Seven evils that blight society named by Joseph Rowntree Foundation
By Alastair Jamieson
Greed and the decline of honesty are among seven social evils undermining Britain’s society, according to a report by the Joseph Rowntree Foundation.
The research organisation said collapsing moral values and failing institutions such as the education system blighted the lives of millions.
A report by the group found the abuse of drink and drugs, the permanence of poverty and the breakdown of the family are also scourges that deeply worry most of the population.
The findings, based on a consultation with 3,500 Britons and reported in the Daily Mail, come more than a century after the group’s founder Joseph Rowntree, a Quaker and chocolate maker from York, identified seven social ills in 1904 as poverty, war, slavery, intemperence, the opium trade, impurity and gambling.
The foundation said the modern-day seven social ills are:
- Individualism/greed. Researchers said Britons feel many people care only about money
- Drugs and alcohol. The report said there was concern that Britons were unable to drink in moderation.
- Declining values. Even atheists said there had been a loss of Christian values.
Social virtues. There is less honesty and no respect for police or nurses.
- Family breakdown, in particular inadequate parenting.
- Poverty. Britons feel the huge pay and bonuses for some contrasted with the poverty of others
- Failed institutions.
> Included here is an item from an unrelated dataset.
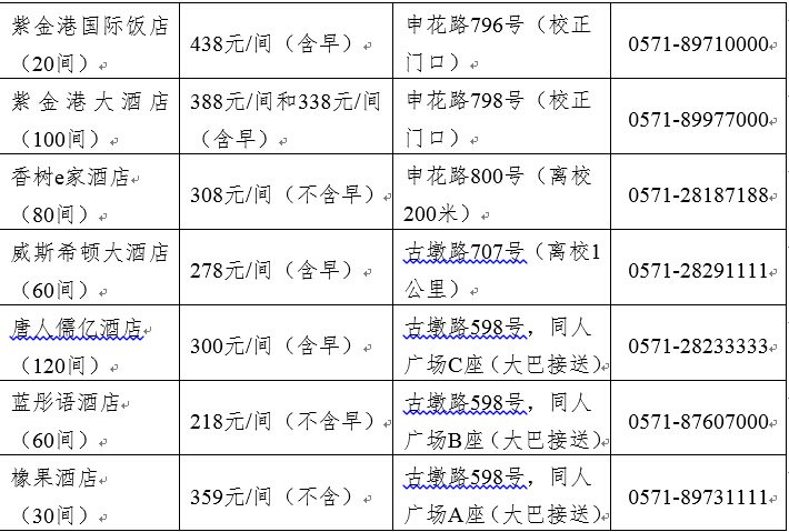 一是在紫金港国际饭店(申花路796号,0571-89710000。选择紫金港国际饭店、紫金港大酒店、香树e家酒店、威斯希顿大酒店等4家酒店的代表,注册地在紫金港国际饭店);
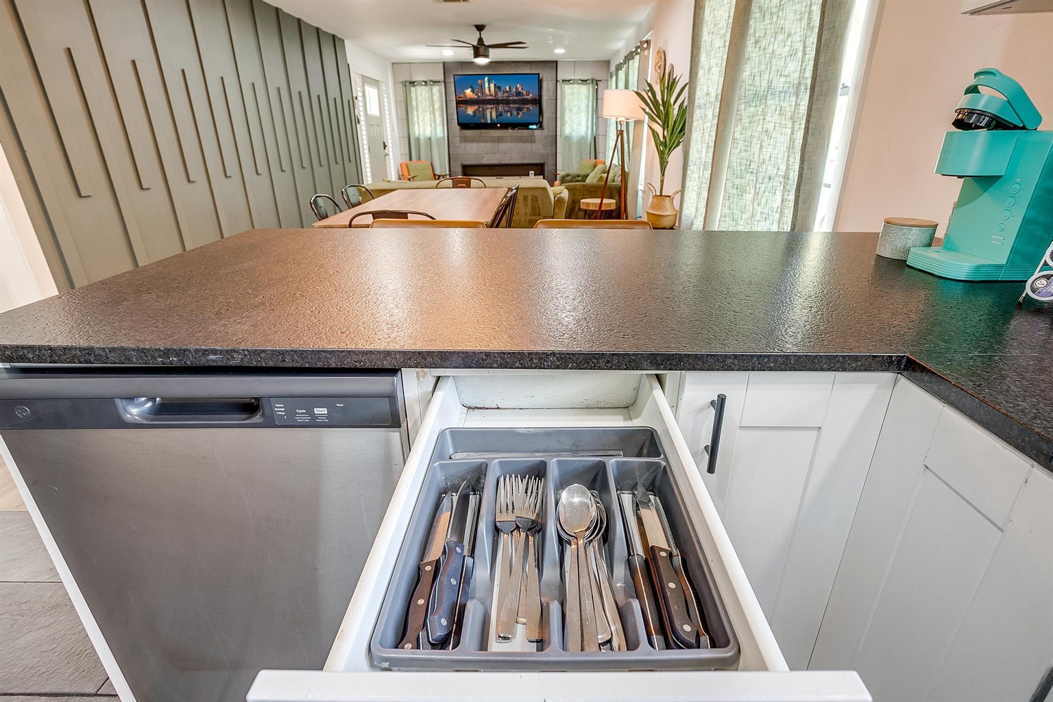 - Appliances (fridge, stove/oven, microwave, dishwasher, Keurig)

Those surveyed said education was a ‘failed institution’ and the politicians were dishonest even before the Westminster expenses scandal.
The foundation said that while many of today’s problems can be solved, social evils run deeper and are ‘something more complex, menacing and indefinable’.
They “imply a degree of scepticism, realism or despair over whether any remedy can be found”, the report added.
Other ills, such as family breakdown and individualism, are a more modern phenomenon.
Julia Unwin, chief executive of the Joseph Rowntree Foundation and an adviser to Prime Minister Gordon Brown on social issues, said: “Notwithstanding the difficulties that the recession has created in people’s lives, the inquiry demonstrates a commitment to identify the common good in shaping a better society and a passionate conviction that our unsustainable present offers an unreliable route map for our future.”